§ **WHAT TO PRODUCE**:
Wherever an image appears in the data, omit it and copy all the remaining text word for word.
━━━ INPUT
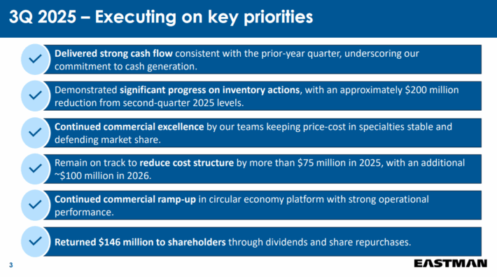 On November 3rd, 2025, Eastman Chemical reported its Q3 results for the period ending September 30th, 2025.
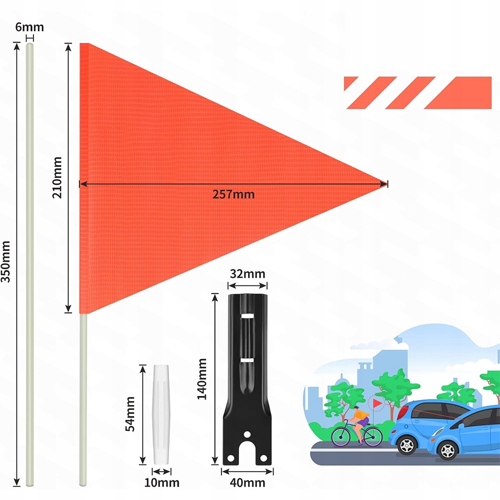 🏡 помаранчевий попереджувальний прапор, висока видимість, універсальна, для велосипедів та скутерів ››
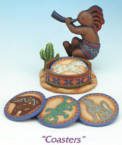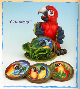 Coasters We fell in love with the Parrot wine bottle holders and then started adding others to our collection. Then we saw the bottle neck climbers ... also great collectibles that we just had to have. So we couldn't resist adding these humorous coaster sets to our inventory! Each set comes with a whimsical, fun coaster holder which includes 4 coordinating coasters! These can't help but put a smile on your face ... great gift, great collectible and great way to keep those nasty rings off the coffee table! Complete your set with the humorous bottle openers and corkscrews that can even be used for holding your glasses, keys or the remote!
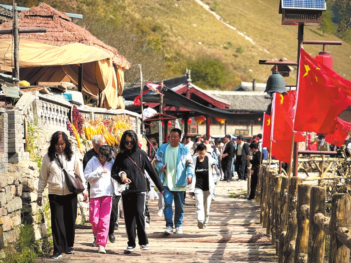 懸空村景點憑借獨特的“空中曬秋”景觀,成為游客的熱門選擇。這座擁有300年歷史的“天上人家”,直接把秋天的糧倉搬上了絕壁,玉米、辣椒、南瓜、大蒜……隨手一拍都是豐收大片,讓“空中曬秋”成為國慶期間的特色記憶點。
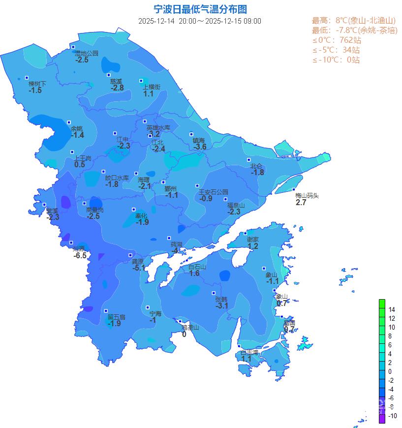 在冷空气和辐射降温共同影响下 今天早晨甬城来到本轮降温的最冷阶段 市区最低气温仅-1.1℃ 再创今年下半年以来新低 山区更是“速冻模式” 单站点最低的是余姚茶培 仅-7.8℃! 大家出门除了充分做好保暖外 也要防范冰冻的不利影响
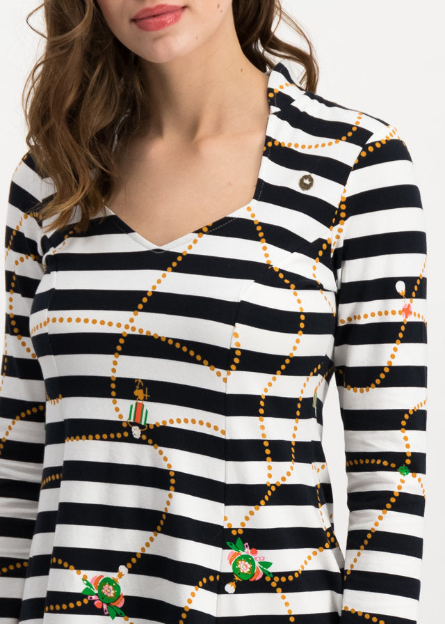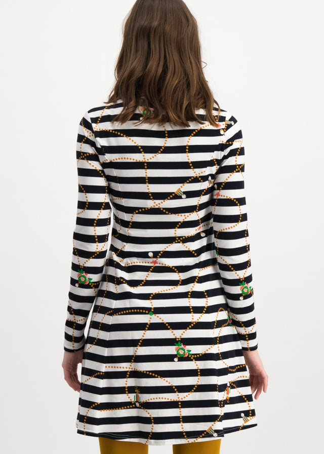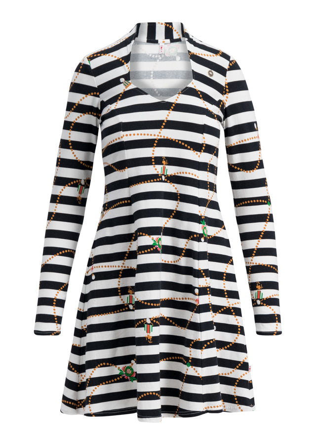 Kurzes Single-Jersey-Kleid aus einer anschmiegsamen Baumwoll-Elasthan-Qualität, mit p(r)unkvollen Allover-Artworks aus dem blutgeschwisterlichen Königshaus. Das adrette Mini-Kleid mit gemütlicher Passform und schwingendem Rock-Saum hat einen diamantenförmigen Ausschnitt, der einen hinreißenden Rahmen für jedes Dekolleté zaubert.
━━━━━━
§ **RESULT BELOW**:
 On November 3rd, 2025, Eastman Chemical reported its Q3 results for the period ending September 30th, 2025.
 🏡 помаранчевий попереджувальний прапор, висока видимість, універсальна, для велосипедів та скутерів ››
 Coasters We fell in love with the Parrot wine bottle holders and then started adding others to our collection. Then we saw the bottle neck climbers ... also great collectibles that we just had to have. So we couldn't resist adding these humorous coaster sets to our inventory! Each set comes with a whimsical, fun coaster holder which includes 4 coordinating coasters! These can't help but put a smile on your face ... great gift, great collectible and great way to keep those nasty rings off the coffee table! Complete your set with the humorous bottle openers and corkscrews that can even be used for holding your glasses, keys or the remote!
 懸空村景點憑借獨特的“空中曬秋”景觀,成為游客的熱門選擇。這座擁有300年歷史的“天上人家”,直接把秋天的糧倉搬上了絕壁,玉米、辣椒、南瓜、大蒜……隨手一拍都是豐收大片,讓“空中曬秋”成為國慶期間的特色記憶點。
 在冷空气和辐射降温共同影响下 今天早晨甬城来到本轮降温的最冷阶段 市区最低气温仅-1.1℃ 再创今年下半年以来新低 山区更是“速冻模式” 单站点最低的是余姚茶培 仅-7.8℃! 大家出门除了充分做好保暖外 也要防范冰冻的不利影响
 Kurzes Single-Jersey-Kleid aus einer anschmiegsamen Baumwoll-Elasthan-Qualität, mit p(r)unkvollen Allover-Artworks aus dem blutgeschwisterlichen Königshaus. Das adrette Mini-Kleid mit gemütlicher Passform und schwingendem Rock-Saum hat einen diamantenförmigen Ausschnitt, der einen hinreißenden Rahmen für jedes Dekolleté zaubert.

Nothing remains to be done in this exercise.